G06F3/1251 »  CPC further

Input arrangements for transferring data to be processed into a form capable of being handled by the computer; Output arrangements for transferring data from processing unit to output unit, e.g. interface arrangements; Digital output to print unit, e.g. line printer, chain printer; Dedicated interfaces to print systems specifically adapted to use a particular technique; Print job management; Page layout or assigning input pages onto output media, e.g. imposition for continuous media, e.g. web media, rolls

B41J11/00 IPC

Devices or arrangements of selective printing mechanisms, e.g. ink-jet printers, thermal printers, for supporting or handling copy material in sheet or web form

B41J13/00 IPC

Devices or arrangements specially adapted for supporting or handling copy material in short lengths, e.g. sheets

B41J33/00 IPC

Apparatus or arrangements for feeding ink ribbons or like character-size impression-transfer material

G06F3/12 IPC

Input arrangements for transferring data to be processed into a form capable of being handled by the computer; Output arrangements for transferring data from processing unit to output unit, e.g. interface arrangements Digital output to print unit, e.g. line printer, chain printer

Description

FIELD

The invention relates to a printing apparatus and a method of operation of a printing apparatus. In particular, the invention relates to a transfer printing apparatus and a method of operation of such a printing apparatus.

BACKGROUND

Thermal transfer overprinting (TTO) technology is popular in product packaging and labelling. The printing apparatus is typically mounted inside a packaging machine, for example on a bracket.

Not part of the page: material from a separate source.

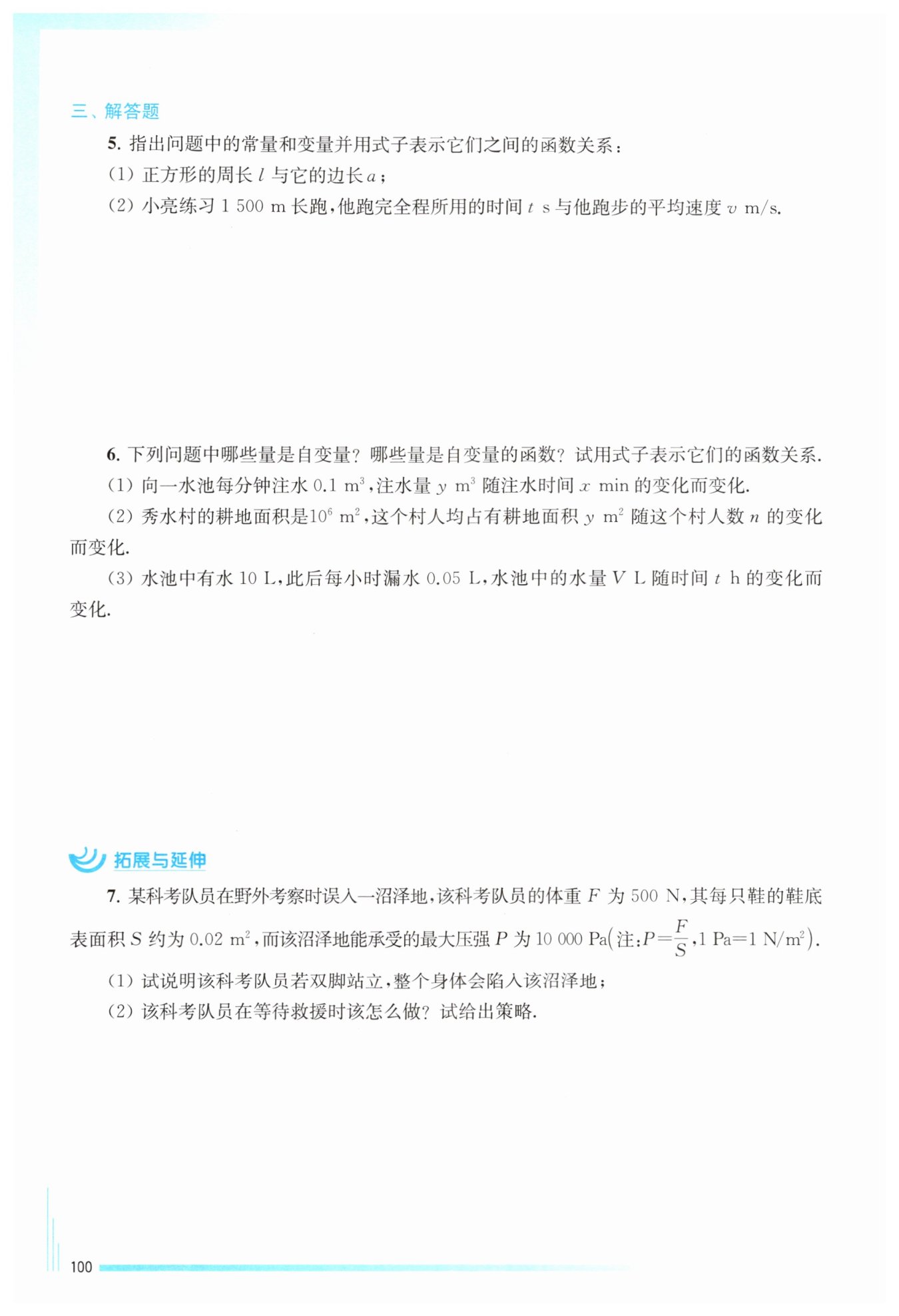?$(3)$?自變量是?$ t ,$??$ V $?是?$ t $?的函數(shù),函數(shù)關(guān)系為?$ V=10 - 0.05\ \mathrm {t} (t\geq 0 $?且?$ 10 - 0.05\ \mathrm {t}\geq 0 )$?

Thermal transfer printing apparatuses are well known in the art. Typically, a thermal printing apparatus includes a pair of spools onto which tape (also known as ribbon) is wound. The ribbon is a long strip of material carrying ink, typically on one side. The ribbon extends between the spools (and usually passes around one or more guide members). A printhead is positioned on a side of the ribbon which does not carry ink, and moves to sandwich the ribbon between the printhead and a substrate, e.g. paper, film, labels, packaging materials, etc. Heating elements on the printhead are selectively heated to warm and soften portions of the ink on the ribbon, so as to enable transfer of ink from the ribbon to the substrate, in order to print an image and/or text, before the ribbon is peeled away from the substrate.

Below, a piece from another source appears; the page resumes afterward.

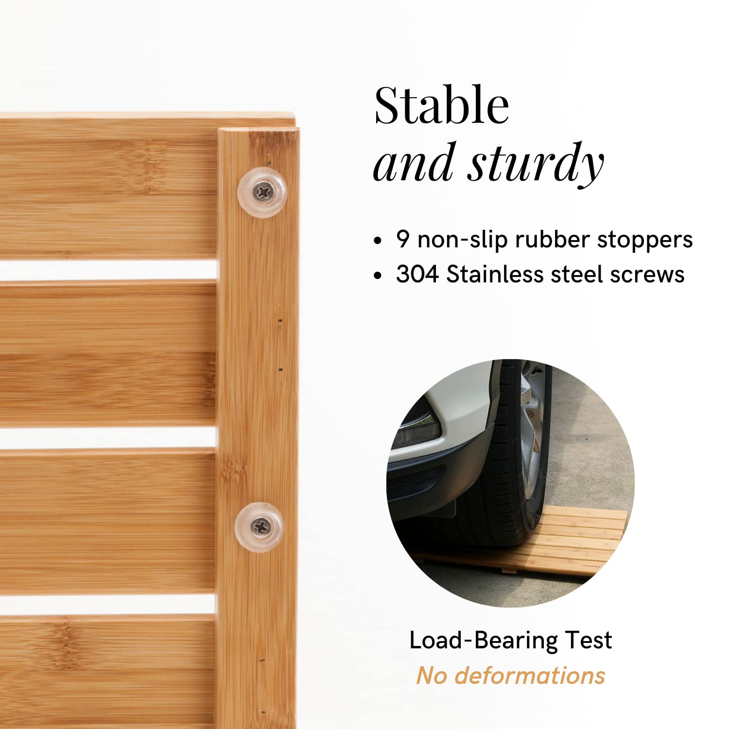 - 【Hard Bath Mat】The bamboo bathroom mat is sturdy and can easily withstand heavy weight. It's stronger and more durable than wood and oak

Such printing apparatus includes drive apparatus for moving the ribbon relative to the printhead, to present fresh ribbon, from which pixels of ink are yet to be removed, to the printhead, such that successive printing operations can be carried out. By enabling such movement and selectively energising the printing elements in each of a plurality of positions along the substrate and ribbon, a desired image may be built up from printed dots.

It is known to provide thermal transfer printing apparatus in two different configurations. In the first, so called “intermittent” configuration, the substrate to be printed and the ribbon are held stationary during a printing operation, whilst the printhead is moved across the area of the substrate to be printed. Once the printing operation is complete, the printhead is lifted away from the ribbon, and the ribbon is advanced to present a fresh region of ribbon to the printhead for the next printing operation. When used herein, in relation to the ribbon and/or substrate, “advance” may be understood to include movement of the ribbon in either direction.

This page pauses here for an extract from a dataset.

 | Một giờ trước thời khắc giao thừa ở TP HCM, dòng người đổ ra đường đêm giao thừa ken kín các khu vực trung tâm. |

In the second, so called “continuous” configuration, the substrate to be printed moves substantially continuously and the ribbon is accelerated to match the speed of the substrate before the printhead is brought into thermal contact with the ribbon and the printing operation is carried out by the printhead pressing the ribbon against the substrate. In this configuration, the printhead is maintained generally stationary during each printing operation.

The substrate is moved past the printhead in a substrate path. The ribbon moves past the printhead in a ribbon path, which adjacent the printhead is substantially parallel to the substrate path. Accurate relative positioning of the printhead, ribbon and substrate is important to ensure a high quality of print. Accurate control and timing of the movement of the printhead, ribbon and substrate is essential.

In some applications, it is desirable to print an image on the substrate at a specific angle to the direction of travel of the substrate. The current solution for such a requirement is to mount the printing apparatus such that the printhead and ribbon are positioned at the desired angle relative to the substrate. However, disadvantages of this are that non-standard brackets may be required; space constraints of a production line, for example, may mean that the printing apparatus cannot be accommodated at the desired angle; changing the ribbon and other maintenance procedures are more awkward and/or take longer; rotating the printing apparatus into and out of position may lead to alignment and/or set up issues; the platen which supports the substrate during a printing operation is substantially parallel to the substrate path, but the printhead no longer moves substantially parallel and/or in a direction substantially normal to the substrate path (this may lead to a shorter carriage run); this solution cannot work with a printer operating in continuous mode (which may be the most appropriate type of printer for the application).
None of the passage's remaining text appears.